Neuromodulation Through Multisensory Stimulation for Visual Field Deficits in the Subacute Stage of Disease
Istituto Auxologico Italiano
48 participants
Feb 1, 2026
INTERVENTIONAL
Conditions
Summary
Homonymous visual field defects (HVFDs) after acquired brain injuries affect daily life by impairing reading, navigation, and social activities, often impacting anxiety and depression. Spontaneous recovery is rare. Rehabilitation approaches include restorative treatments, which aim to expand the visual field through the stimulation of the so-called transition zone, and compensatory strategies, such as audio-visual training (AVT), which combines eye movement exercises with synchronized visual and auditory cues to train oculomotor scanning and overcome the visual field loss. Combining AVT with non-invasive brain stimulation, such as transcranial direct current stimulation (tDCS), may enhance recovery by promoting brain plasticity.
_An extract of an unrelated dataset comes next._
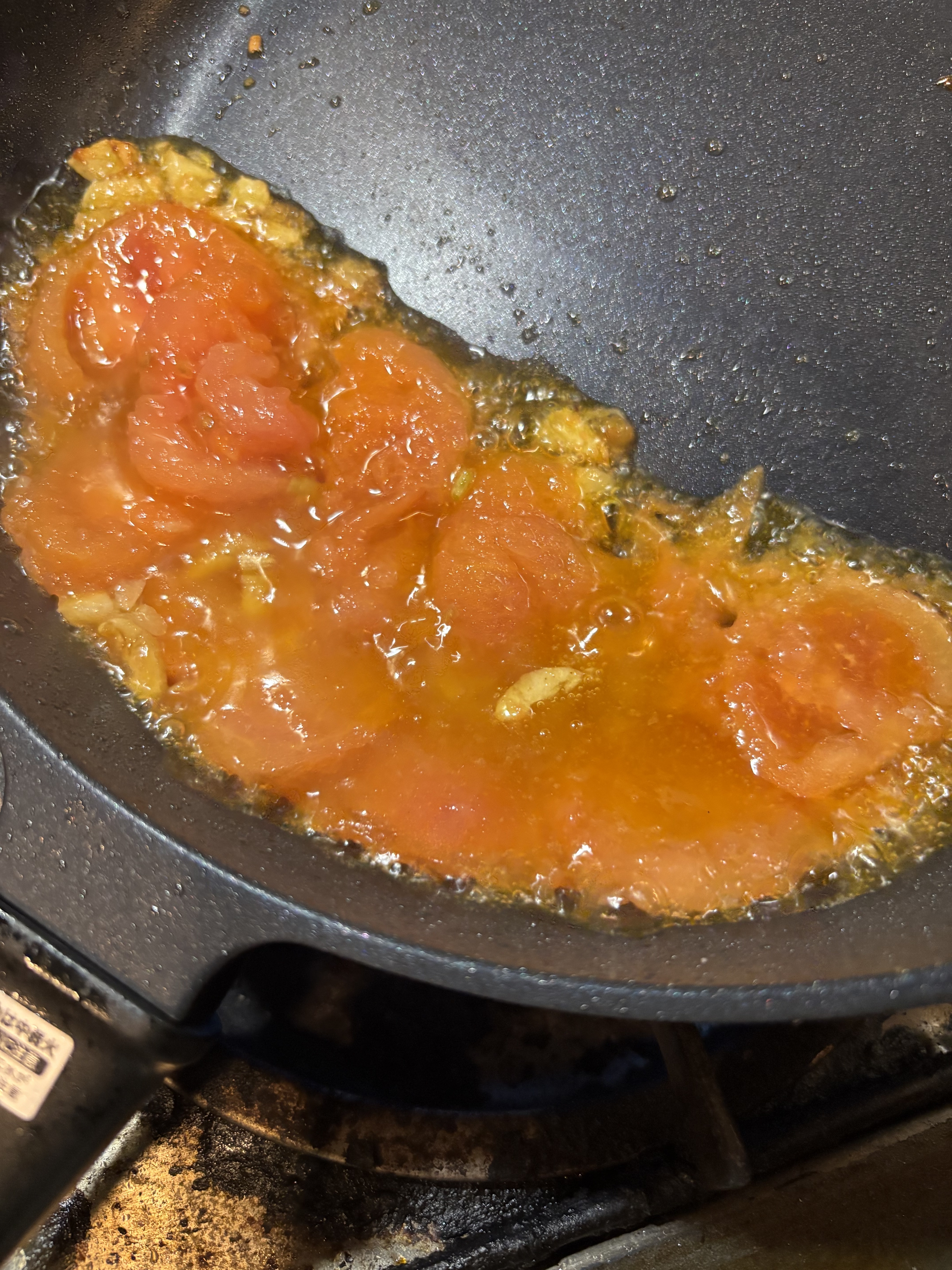 ②ナスを取り出したら、刻んだニンニクを弱火でじっくり火を通して香りを出し、そのオイルにパスタを茹でるために沸かしたお湯で皮を湯むきしたトマトをドボン!🍅

Early evidence suggests that tDCS applied to the lesioned visual cortex during AVT can speed and stabilize improvements, potentially also restoring parts of the visual field. However, most studies on AVT have focused on chronic patients, whereas several clinical trials and international guidelines indicate that early treatment of HVFDs in the subacute phase can optimally exploit the window of maximal neural plasticity and prevent secondary degenerative processes, thereby maximizing visual recovery. In the present randomized clinical trial, we assess the efficacy of a multisensory audio-visual training (AVT) combined with tDCS in patients with subacute HVFDs after stroke (\<3 months post-lesion). Participants are randomly assigned to two groups: AVT combined with real anodal tDCS applied to the lesioned occipital cortex (Group 1), or AVT combined with sham tDCS (Group 2). The AVT requires participants to orient their gaze toward spatio-temporally congruent, cross-modal audio-visual stimuli (starting from a central fixation) and press a button as quickly as possible upon detecting the visual target. All stimuli are presented on 2mx2m panel embedded with 40 LEDs and loudspeakers (Diana, Casati, Melzi, Marzoli, et al., 2024). The training will be administered for 90 minutes daily over 10 consecutive days. All participants underwent a neuro-ophthalmological evaluation and neuropsychological assessment of visuospatial functions before the beginning of the training (t0), at the end of the training (t1), at 2 months (t2) and after 1 year (t3).
Eligibility
Inclusion Criteria1
- \- Presence of subacute acquired brain injury (\< 3 months) with HVFD according to Neurophthalmological evaluation
Exclusion Criteria3
- Presence of hemispatial neglect (indexed by pathological asymmetries on paper-and-pencil tests)
- Disorders of conjugated eye movements
- Other neurological disorders (e.g., dementia)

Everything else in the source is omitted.